Lo narra frente a la que fuera su casa de la infancia, en el barrio de Alqarion, el mismo que el ejército de Israel eligió para echar veneno en los tanques de agua que suministran a Nablus oeste, “lo que provocó un envenenamiento masivo y el colapso de hospitales”, explica. Tardaron cerca de siete meses en limpiar pozos y cañerías.
“Nadie nos avisó de que debíamos dejar la casa, pero mi padre decidió que nos fuéramos de allí un día antes de la invasión”, rememora Raed. Los accesos a la ciudad antigua de Nablus son muy estrechos. Los tanques no pueden entrar por las calles y hacerlo en jeeps era muy arriesgado para los soldados israelís puesto que en esos momentos había armas e infraestructura para defenderse, cuentan los vecinos. Así que Israel decidió abrir brechas por donde introducir sus tanques derribando edificios con la ayuda de bulldozers. “Durante tres días no se le permitió la entrada ni a la Cruz ni a la Media Luna Roja, ni tampoco a ninguna otra organización médica”, recuerda Raed. “Y cuando por fin pudimos regresar en un alto el fuego, al tercer día…”. El gesto de Raed se estremece. “Nuestra casa ya no existía. Mis libros, mis papeles, mis juguetes, todo, estaba esparcido por la calle. La gente los cogía y los leía, jugaba con ellos”. Pero eso no fue lo peor. “La casa de al lado, mis vecinos de toda la vida, que eran como parte de nuestra familia” –los abuelos, dos tíos, una mujer y su marido y sus cinco hijos-, “había sido derruida con ellos dentro”. “Luego nos enteramos de que trataron de escapar pero quedaron bloqueados. Vieron que uno de los tanques se aproximaba a la parte trasera de la casa y trataron de salir por la puerta principal, pero allí les esperaba un francotirador que les dijo que si salían les dispararía. Estaba todo lleno de soldados. Encontramos entre los escombros a los 11 miembros de la familia. Muertos”. La mujer, que abrazaba a uno de sus hijos, protegiéndolo, estaba embarazada. Raed tenía 16 años.

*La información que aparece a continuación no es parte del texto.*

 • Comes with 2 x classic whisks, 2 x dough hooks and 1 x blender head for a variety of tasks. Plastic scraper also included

“¿Quiénes son, entonces, los terroristas?”, parece preguntar cada fotografía y cartel que recuerda a cada mártir en cada esquina de cada calle, en cada pared.

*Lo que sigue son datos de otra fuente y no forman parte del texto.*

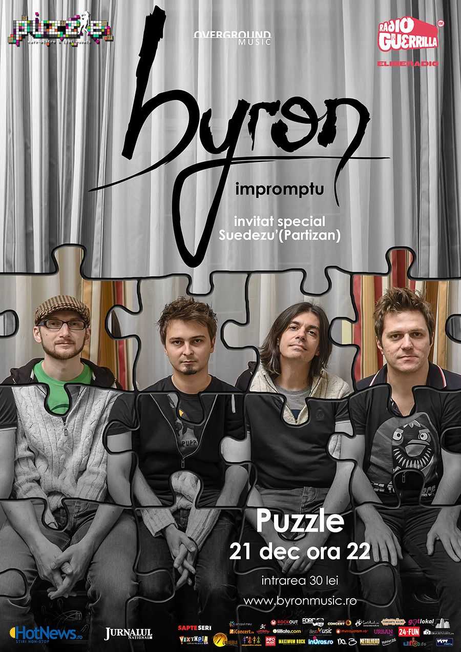 Daca va era dor de o seara de improvizatie muzicala marca byron, avem vesti bune: baietii reincep seria de experimente, giumbuslucuri si nebunii live Impromptu! Sambata, pe 21 decembrie 2013, de la ora 22:00, byron vor urca pe scena clubului Puzzle din Bucuresti (Piata Victoriei) fara nimic pregatit in prealabil, gata de a-i surprinde pe cei din public si lasandu-se ei insisi surprinsi de ce o sa iasa!

“A uno de mis mejores amigos lo condenaron a 100 años de cárcel”, reflexiona Wadji. “Entró con 20 años y ahora tiene 29. Si muriera en la cárcel sería enterrado en suelo israelí sin importar la posición de su cuerpo con respecto a la Meca” –algo fundamental en la religión musulmana- “y localizado con un número de serie hasta que cumpliese la condena completa, momento en el que sus restos serían devueltos a la familia”. ¿Y el futuro? “Hace dos días volvieron a entrar”, concluye Wadji. “Lo hacen sin un objetivo concreto, sólo para recordar que están ahí”.